This error is reported when the NooBaa system cannot reach out to an underlying storage system either because the storage is damaged/unresponsive/network down/deleted. This storage system can be a cloud storage (azure container, S3 bucket, etc) or can be a PV pool (mounted filesystem).

Pinpointing the issue and resolving them
  • If the underlying storage is a Azure Container - This error will be reported when the azure client (via Azure storage JS SDK) reports ContainerNotFound which eliminates the probability of the network being down or unresponsive or damaged leaving us with the only possibility of the container being deleted or the requesting credentials do not have enough the permissions to access the container.

    Logs : Relevant logs can come from noobaa-core pod.

    Resolution :

    • Check if the underlying container indeed exists. If it doesn’t, create the container with the same name given to NooBaa.
    • If the container exists then check if the credentials have enough privileges to access the container. If it does not then use Azure IAM to fix the issue.
    • If none of the above - reach out to Red Hat Support as detailed above.
  • If the underlying storage is Google Cloud Storage - The error is reported when google cloud storage wrapper (this wrapper is a thin NooBaa wrapper on top of Google’s JS SDK) reports request status to be 404. This indicates that the bucket doesn’t exist.

    Logs : Relevant logs can come from noobaa-core pod

    Resolution :

    • Check if the underlying bucket indeed exists. If it doesn’t, create the bucket with the same name given to NooBaa.
    • If none of the above - reach out to Red Hat Support as detailed above.
  • If the underlying storage is a S3 compatible storage like AWS S3/RGW/IBM COS - This error will be reported when the aws s3 client (via AWS JS SDK) reports NoSuchBucket which eliminates the probability of the network being down or unresponsive or damaged leaving us with the only possibility of the bucket being deleted or the requesting credentials do not have enough the permissions to access the container.

    Logs : Relevant logs can come from noobaa-core pod.

    Resolution :

    • Check if the underlying bucket indeed exists.

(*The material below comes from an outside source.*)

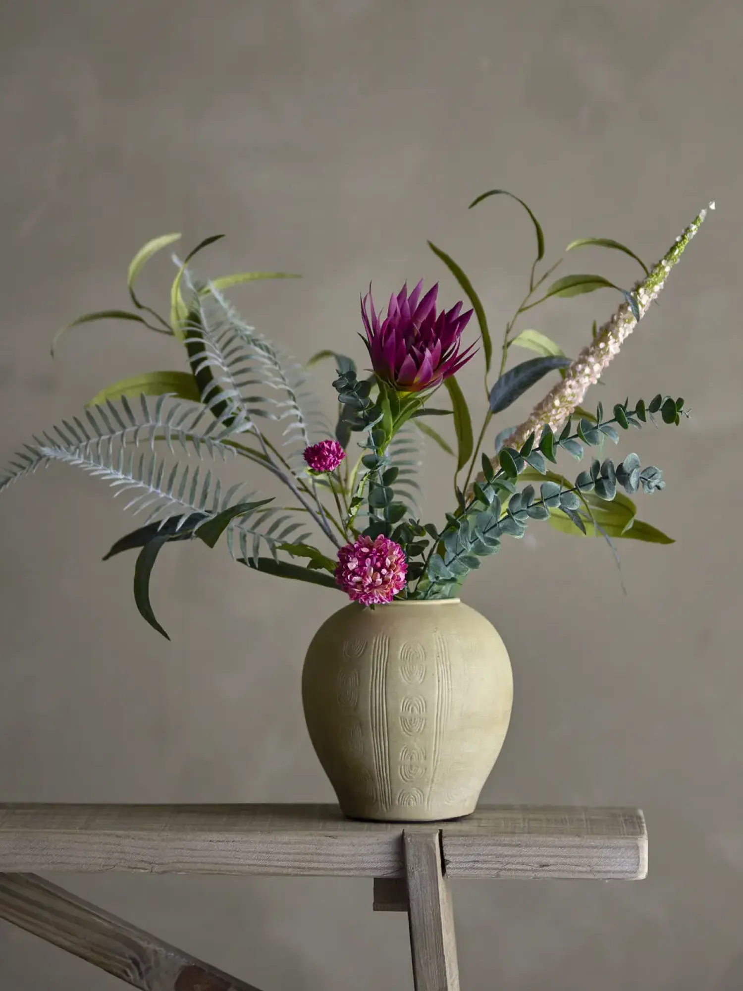 Buketten leveres klar til brug, men uden vase. Håndter blomster og blade med omhu for at bevare deres form. Den kunstige buket er ideel, hvis du ønsker en langtidsholdbar dekoration uden vedligeholdelse.
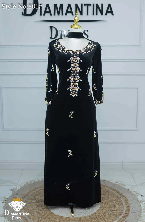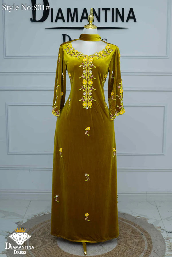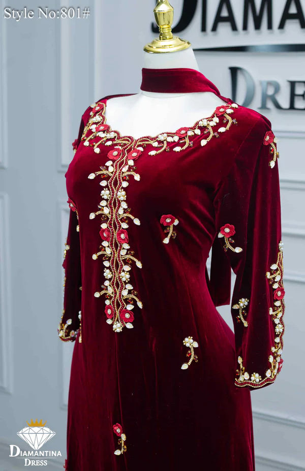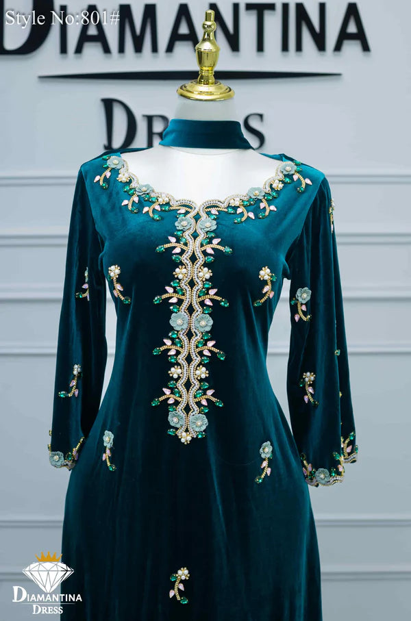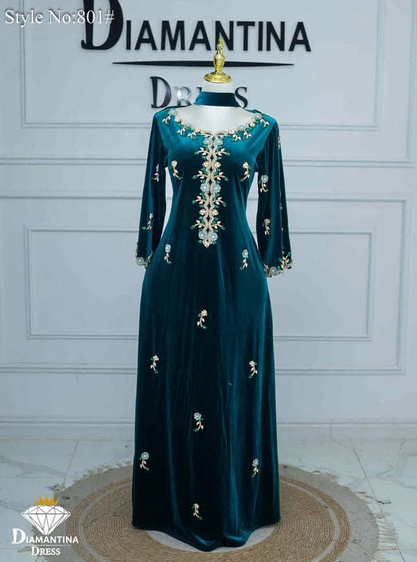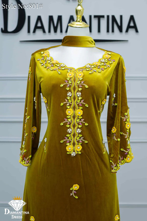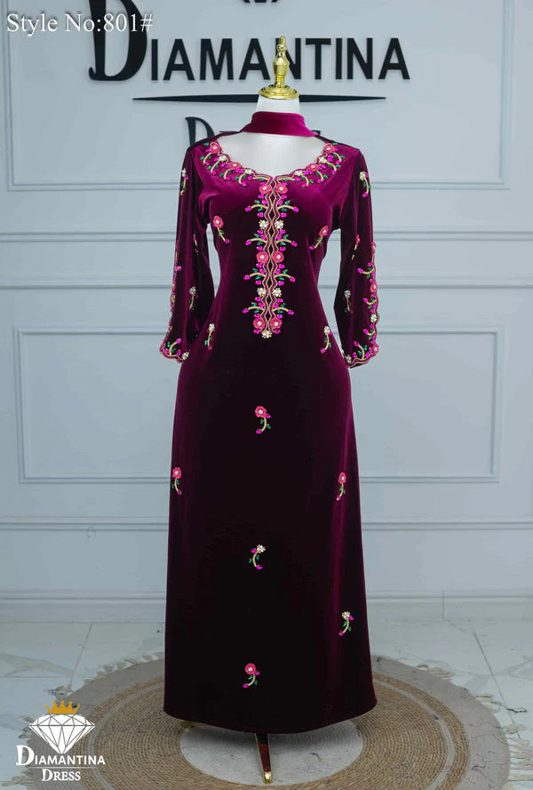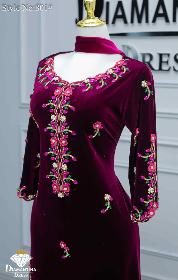 مخور "هندي إمراتي" رقم #801 حصري من ديامنتينا بخامة مخمل قطيفة فاخرة 510غ/م معروفة بلمستها الناعمة وثبات لونها العالي.

If it doesn’t, create the bucket with the same name given to NooBaa.
    • If the bucket exists then check if the credentials have enough privileges to access the container. If it does not then use Bucket Policy or ACL (or whatever else is supported).
    • If none of the above - reach out to Red Hat Support as detailed above.
  • If the underlying storage is PV Pool - This error is reported when the root path does not exist on the agent handling the request.
    What is a “root path”? Root path is usually /noobaa_storage/<pv-pool-backingstore-pod-name>.

    Logs : Relevant logs can come from noobaa-core pod and noobaa-backingstore pod.

    Resolution :

    • This issue can arise from the faults on the underlying file system. The FS might be corrupted or the mounting might have failed. One way to confirm this is to rely on tools like Fsck. This is not a NooBaa issue.
    • Although unlikely but it might happen that the issue arises from within NooBaa, it can happen in the case when NooBaa fails to create appropriate directories on the FS. Most probable cause could be permission issues. reach out to Red Hat Support as detailed above.
    • If none of the above - reach out to Red Hat Support as detailed above.

AUTH_FAILED

This error is reported when the NooBaa system fails to access the underlying storage due to authentication or authorization failures.

Pinpointing the issue and resolving them
  • If the underlying storage is a Azure Container - This error will be reported when the azure client (via Azure storage JS SDK) reports AuthenticationFailed. Indicates that the azure authentication failed

    Logs : Relevant logs can come from noobaa-core pod.

    Resolution :

    • If the container exists then check if the credentials have enough privileges to access the container. If it does not then use Azure IAM to fix the issue.
    • If none of the above - reach out to Red Hat Support as detailed above.
  • If the underlying storage is Google Cloud Storage - The error is reported when google cloud storage wrapper (this wrapper is a thin NooBaa wrapper on top of Google’s JS SDK) reports request status to be 403. This indicates that the bucket doesn’t exist.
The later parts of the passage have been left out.